Background and objectives: To compare the diagnostic performance of an immunoassay for plasma concentrations of phosphorylated tau (p-tau) 217 with visual assessments of fluorine-18 fluorodeoxyglucose [18F]FDG-PET in individuals who meet appropriate use criteria for Alzheimer dementia (AD) biomarker assessments.
Methods: We performed a retrospective analysis of individuals with early-onset (age <65 years at onset) and/or atypical dementia (features other than memory at onset), who were evaluated at a tertiary care memory clinic. All participants underwent measurements of CSF biomarkers (Aβ42, p-tau181, and total tau levels), as well as [18F]FDG-PET scans, amyloid-PET scans, and plasma p-tau217 quantifications.
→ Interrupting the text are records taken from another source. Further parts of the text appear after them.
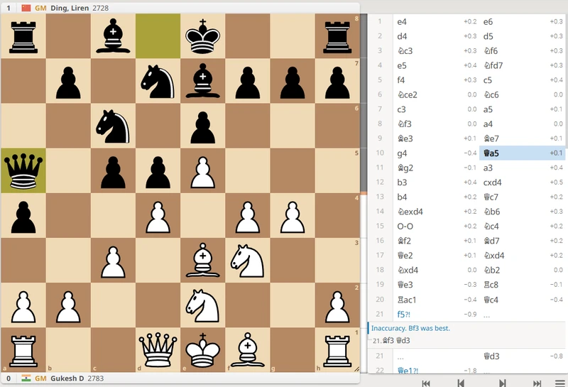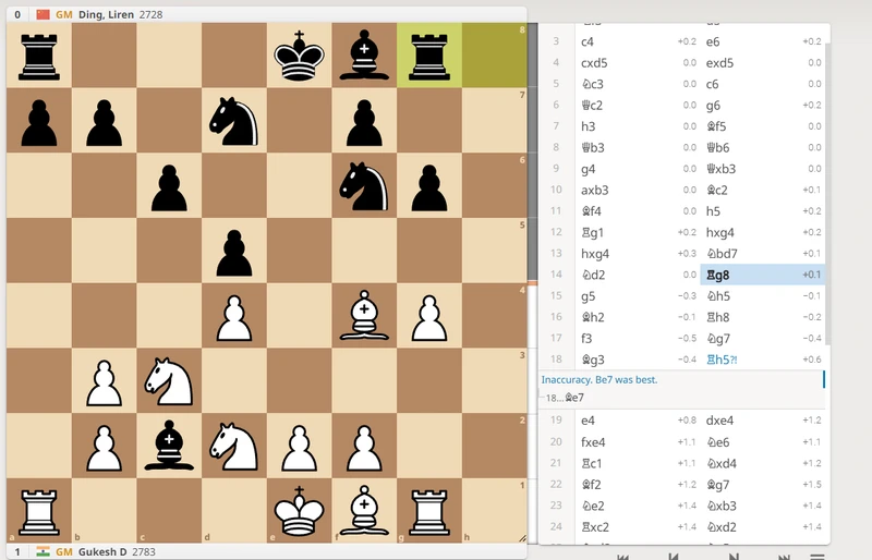 Game 3 saw a return of Ding's time management issues. Once again, he spent excessive time in the opening, despite playing into a relatively standard position. By move 10, he made a critical and committal decision with Bc2, effectively trapping his own bishop in White's camp. This was a questionable choice compared to the safer Be6, which would have kept the game balanced.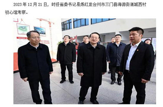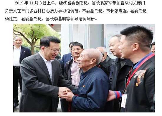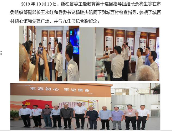 《“初心接力”學習館》被定為浙江省、臺州市、三門縣三級愛國主義教育基地,以及臺州市“跟著紅色地圖學黨史”現場學習教育基地、臺州市初心使命教育基地。隨著深入學習貫徹習近平新時代中國特色社會主義思想走入走新,各級單位組織黨員、群眾前來調研考察、參觀指導。自建館來共接待前來省市縣各級考察團共120批次3500人。開展“初心接力”紅色足跡體驗學習活動。2019.11.8,時任浙江省委副書記、省長袁家軍帶領省級相關部門負責人來三門城西村初心館開展調研活動。2023.12.27,時任省委書記易煉紅等領導來城西村初心館,考察了解農村黨組織開展主題教育和黨建引領鄉村振興等情況。2019年10月10日,時任省委主題教育第十巡回指導組組長余梅生等領導到城西村初心館和黨建廣場體驗學習,并與九任書記合影留念。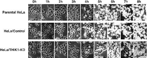 Fig. S3. Morphological observation of THIK-1-knockdown cells during apoptosis. After addition of anti-Fas antibody, parental HeLa cells and stable transfectants carrying plasmids, either pSilencer (Control) or pSi-shTHIK1 (THIK1-KD) were monitored for morphological changes every hour for a duration of 8 h. Representative microscopic images from the indicated time points are shown. |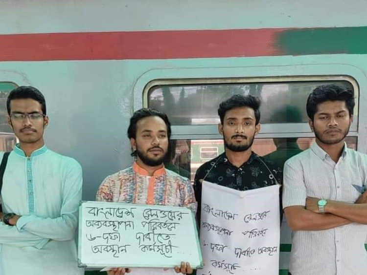 রেলওয়ের অব্যবস্থাপনা-দুর্নীতিরোধে প্ল্যাকার্ড হাতে চট্টগ্রাম স্টেশনে শিক্ষার্থীদের অবস্থান কর্মসূচি

To determine whether the [18F]FDG-PET images were compatible with AD, images were visually rated by 2 nuclear medicine experts. Using a contingency analysis, we evaluated the accuracy of [18F]FDG-PET scan interpretation and plasma p-tau217 for an AD biomarker profile in CSF and for amyloid-PET positivity.
Results: A total of 81 individuals with early onset and/or atypical dementia were included in this study (mean age = 65 years; 48/81 female (59%). Both [18F]FDG-PET and plasma p-tau217 showed high levels of agreement with reference standard AD biomarkers ([18F]FDG-PET area under the curve [AUC]: 71%; plasma p-tau217 AUC: 81%). Although both biomarkers had similar specificity for AD [18F]FDG-PET: 70%, CI: 0.56-0.81; plasma p-tau217: 70%, CI: 0.56-0.81), plasma p-tau217 had higher sensitivity for AD (plasma p-tau217: 97%, CI: 0.85-0.99 vs [18F]FDG-PET: 73%, CI: 0.57-0.85) (p = 0.01). Overall accuracy was also higher for plasma p-tau217 (AUC = 84%, CI: 0.75-0.93 vs 72%, CI: 0.60-0.83 of [18F]FDG-PET) (p = 0.02). The same pattern of results was observed when using amyloid-PET as the reference standard.
Discussion: Our study provides evidence that plasma p-tau217 has strong discriminative accuracy for AD among patients with early-onset and/or atypical dementia assessed in specialized settings. Future work should replicate these findings in secondary care settings.